The seventeenth childI discovered this book after a visit to the Norfolk Record Office; I often visit the NRO on my lunch break when the NRO holds short talks on their collections (follow @norfolkRO or see http://www.archives.norfolk.gov.uk/ to see what’s on!).

On this particular day, the recorded interviews of Ethel George were being played and discussed by Jonathan Draper, the archivist. After listening to Ethel’s vivid and colourful descriptions of days gone by in Norwich, I borrowed her book from the library. Having heard her voice – with true Norfolk accent, and a brilliant laugh – I could just imagine her sitting with me, chatting over a cup of tea!
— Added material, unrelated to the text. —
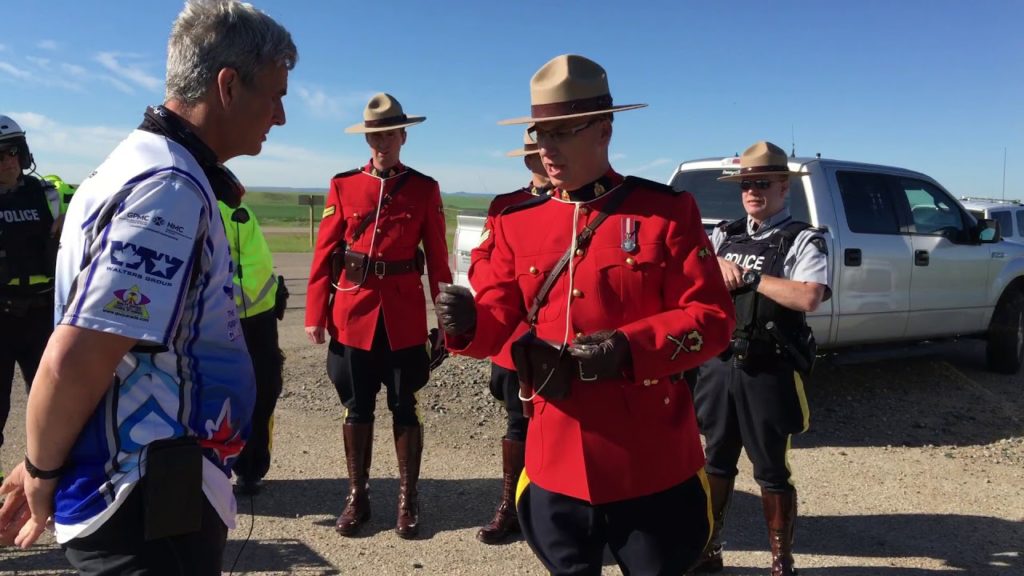 RCMP Saskatchewan members “hand-off” Joe to RCMP Alberta members to ensure Joe’s safety while he walks across their province.
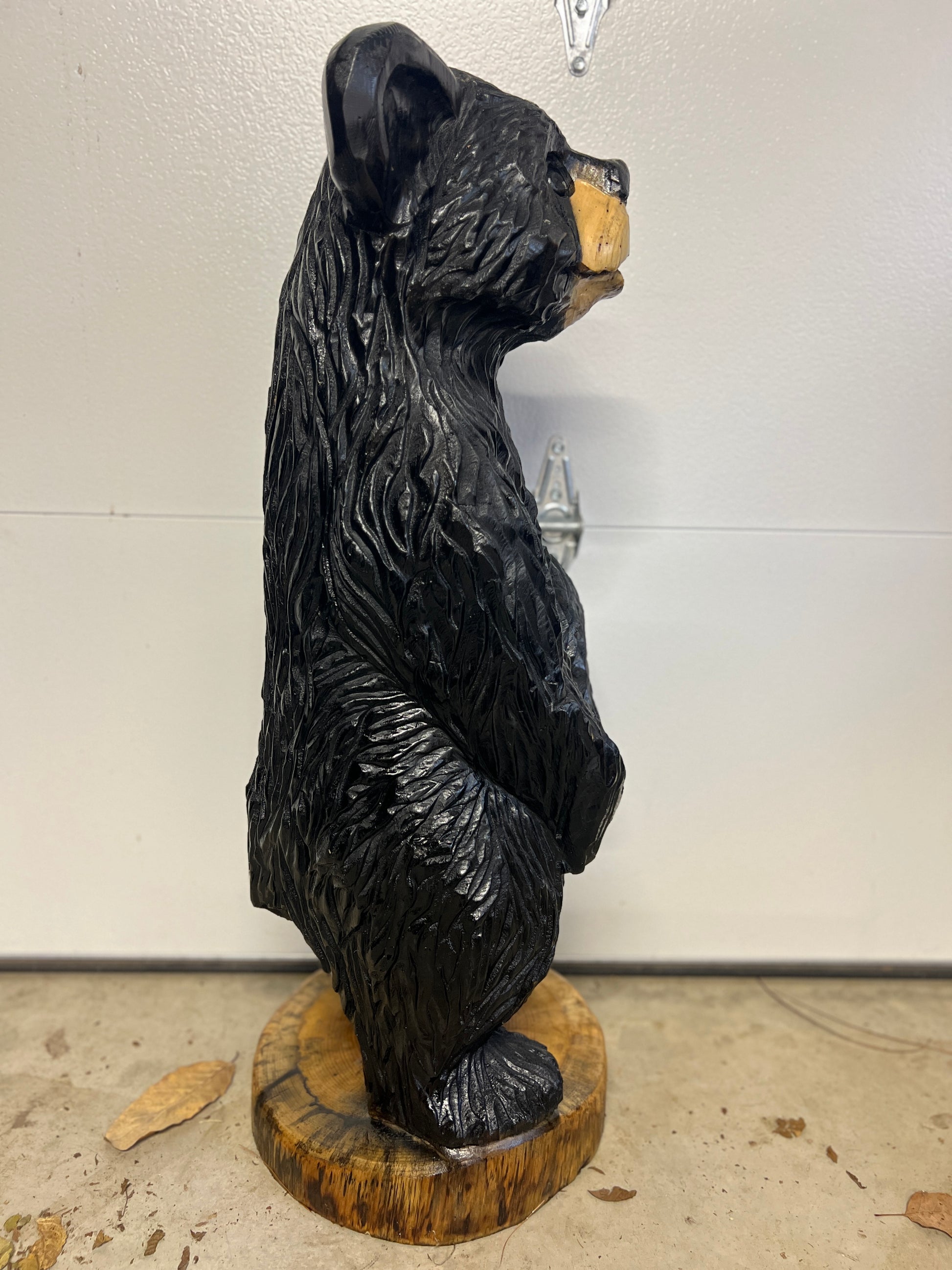 This black bear is carved by hand from solid wood and finished for rich contrast. The fur is deeply textured with clean, directional cuts that create movement. The face has a warm honey brown muzzle and nose that bring the bear to life without losing its rustic charm. It stands on a matching round wood base for a stable, freestanding display.

Unlike some, Ethel made it clear that the past was not always rosy. Her memories include hardship and poverty, the dirt and smell of the city when dozens of families lived in ‘yards’ and without basic amenities. Ethel recalls the fathers who worked all sorts of jobs to provide for their families (and those who didn’t); Mothers worked hard to keep their families clean and fed, and hers was no exception – especially with 17 children to look after!

Mental illness, domestic violence, scandal and unemployment are all touched upon. Ethel speaks of her parents’ background before moving on to her childhood and the close bond between her siblings, with the adventures and escapades they got up to and their experiences at school. As a young woman, Ethel went to work in a number of well-known Norwich trades, found love and married; her stories from this time are just as funny and interesting!

Ethel’s memory was astounding and I really enjoyed the small details such as the clothes she wore, the food and drink she enjoyed (or wished for!), and Norwich events she attended. I get the impression she was full of life with a mischievous streak! A great read, even if you aren’t originally from Norwich, like me!